It has taken me a few days to get my thoughts together about My Dark Vanessa by Kate Elizabeth Russell. Written over the course of 20 years starting when Russell was 16, it’s the story of the sexual relationship between Vanessa and her English teacher, Mr. Strane, and the hold that relationship had on the rest of Vanessa’s life. My Dark Vanessa was written long before #MeToo, but its publication was certainly timely, as it hit the scene just as discussion around #MeToo was hitting a national fervor. But it would be wrong to dismiss My Dark Vanessa as “that #MeToo novel”. Instead, it’s a painful and painstaking story about a relationship with an inherent power imbalance and a deeply flawed man and a scarred woman. Yet there are shades of grey that even the narrator acknowledges that make the book more complicated, and therefore more problematic to characterize.
Why I picked it up: I got My Dark Vanessa as an ARC at the Buzz Books panel at Book Expo 2019, and finally was in the right mood for it.

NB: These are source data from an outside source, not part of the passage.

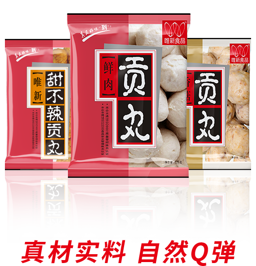 選擇蛋白質含量及新鮮度高的豬后腿肉為原料,模擬手工捶打的打漿工藝,再經煮制、冷卻、速凍工藝才可生產出自然脆彈的唯新貢丸,是居家佐餐、火鍋的美味食品。近年來我們還研發(fā)生產了香腸、蝦滑、魚丸、牛肉丸等大眾喜愛的家庭火鍋料速凍食品。
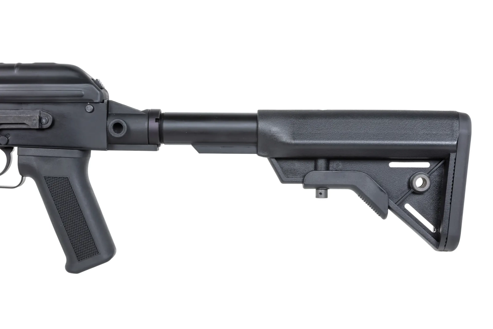 Z wytrzymałego tworzywa wykonano: chwyt pistoletowy, magazynek, taktyczną kolbę, łoże oraz osłonę rury gazowej
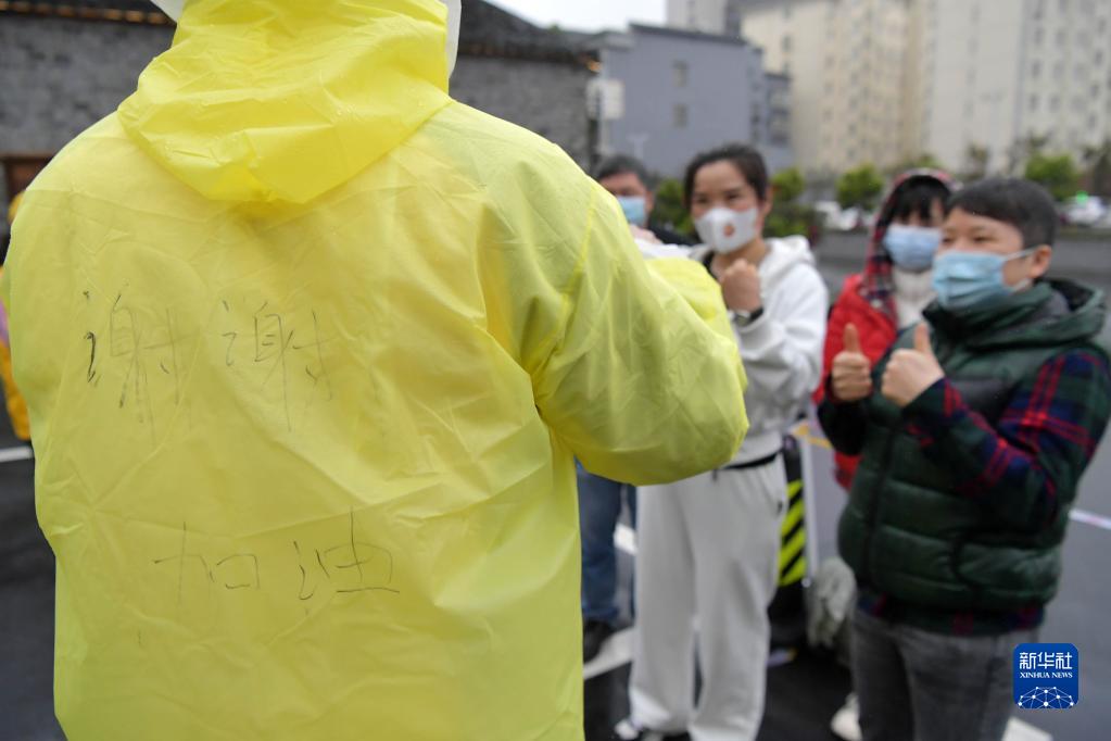 在南昌市东湖区滕王阁广场核酸检测点,几名刚顺利做完核酸检测的听障人士在李焕秋的背上写下了“谢谢,加油”的字样(3月21日摄)。

Vanessa Wye is a scholarship student at a boarding school in Maine, where she is mostly a loner living in a single. Her English teacher, Jacob Strane, begins a flirtation with her that quickly crosses lines of propriety and turns into a physical relationship that lasts throughout Wye’s sophomore year. When the rumors about the two get too loud for the school to ignore, they are confronted about their relationship. This leads to Vanessa’s leaving the school, but the relationship persists over many, many years. My Dark Vanessa goes back and forth between 2000 (age 15) and 2017 (age 32), when Vanessa is still in touch with Strane and still deeply (and negatively) affected by him. Yet while the reader can clearly recognize Strane’s manipulation, narcissism and impropriety, Vanessa remains under his thrall, even when she herself is disgusted by him. In this way, My Dark Vanessa illustrates why relationships based on this power imbalance are so insidious.

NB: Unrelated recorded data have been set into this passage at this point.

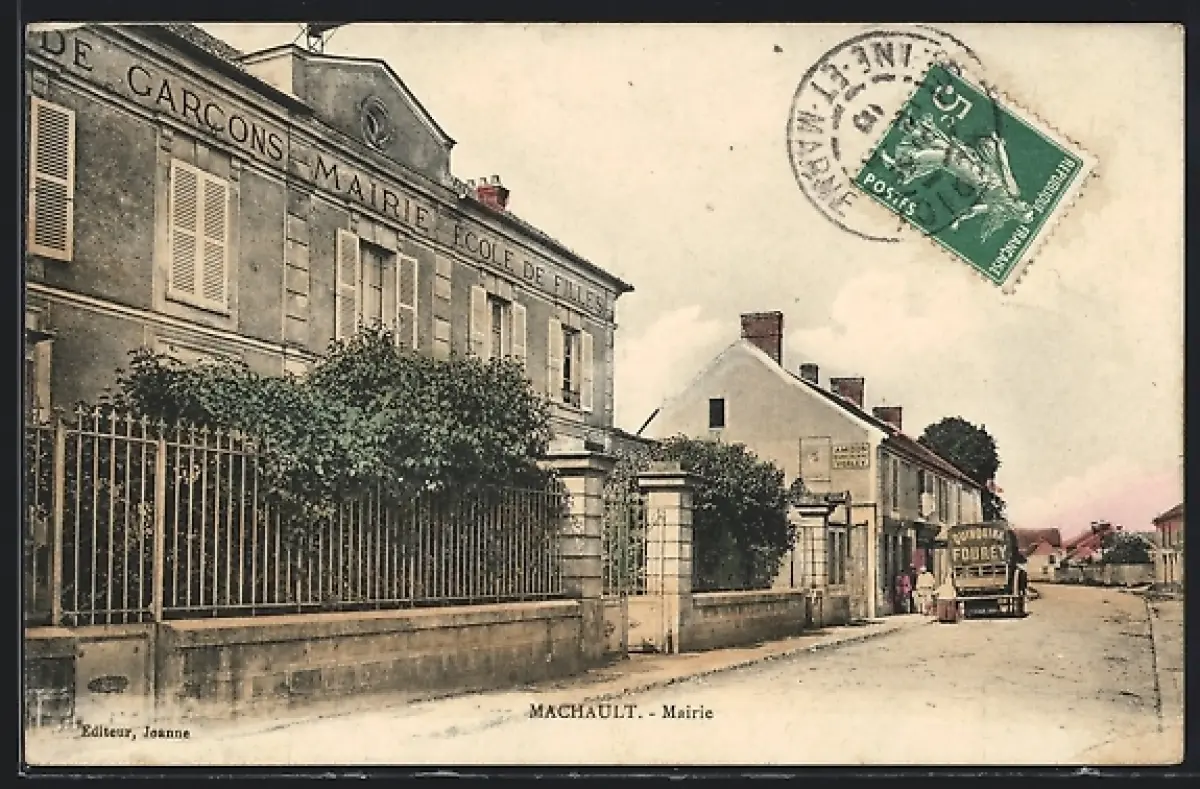 AK Machault, Mairie et rue principale avec un bus devant l`école
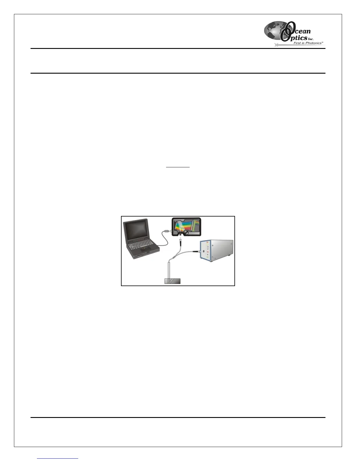 output leg of the reflection probe carries light from the sample to the spectrometer (top center), which is connected to the
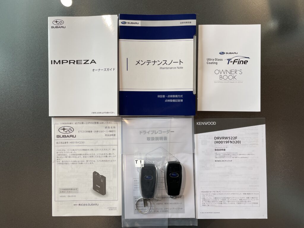 新車時保証書や取扱い説明書、スペアキーなどの揃っています。新車時のコーティング施工証明書もあります。コーティングメンテナンスキットもあります。
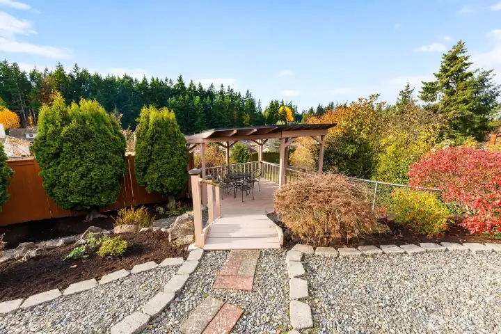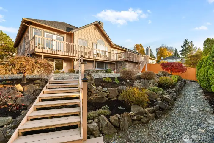 Perched in the Blue Ridge woodlands, this enchanting home balances serene seclusion and a short walk to Perrinville, Lynndale Park, shopping, dining, and top schools. Tailored for multi-generational living; enjoy the downstairs mother-in-law suite with dedicated entrance and inviting quarters. The sun-drenched main level boasts a vaulted-ceiling great room flowing into a chef's kitchen with rich oak cabinetry, spacious breakfast bar, and walk-in pantry. Upstairs, the primary suite offers a spa-like retreat with French doors to a Juliet balcony, generous closets, and en-suite bath. From the expansive deck, savor a manicured backyard oasis of layered rock gardens, winding stone paths, and a pergola-shaded seating area with built-in benches.
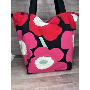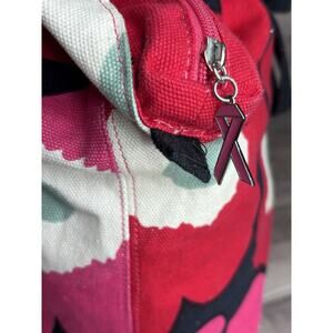 Marimekko red pink poppy floral canvas tote bag breast cancer awareness

Vanessa is easily charmed by Strane, who flatters her from the outset, singling her out and making her feel special. While she is uncomfortable at times with the direction their relationship takes, she enjoys the power she wields and his dependence on her. But it is Strane who holds the power, swearing Vanessa to secrecy and guilting her over the years into keeping her mouth shut, even as he faces accusations from other women. She becomes paralyzed in her life, abandoning her career aspirations and unable to maintain healthy relationships with other men. She vacillates between feeling disgusted by him and being dependent on him, feeling responsible for his feelings and blaming him for ruining her adolescence. She tells her therapist that she “really [needs their history] to be a love story” even when deep down, she can see him for who he is.
My Dark Vanessa is beautifully written. It’s too long and could have been pared down, but once you start reading it’s impossible to put it down. You may be disgusted by Strane and outraged by the predatory trap he set for Vanessa. But the nuance of the story elevates it beyond that one note: “It’s wrong to call me a victim and nothing more,” Vanessa says. “He was never so simple; neither was I.”
My Dark Vanessa was book #12 of 2021.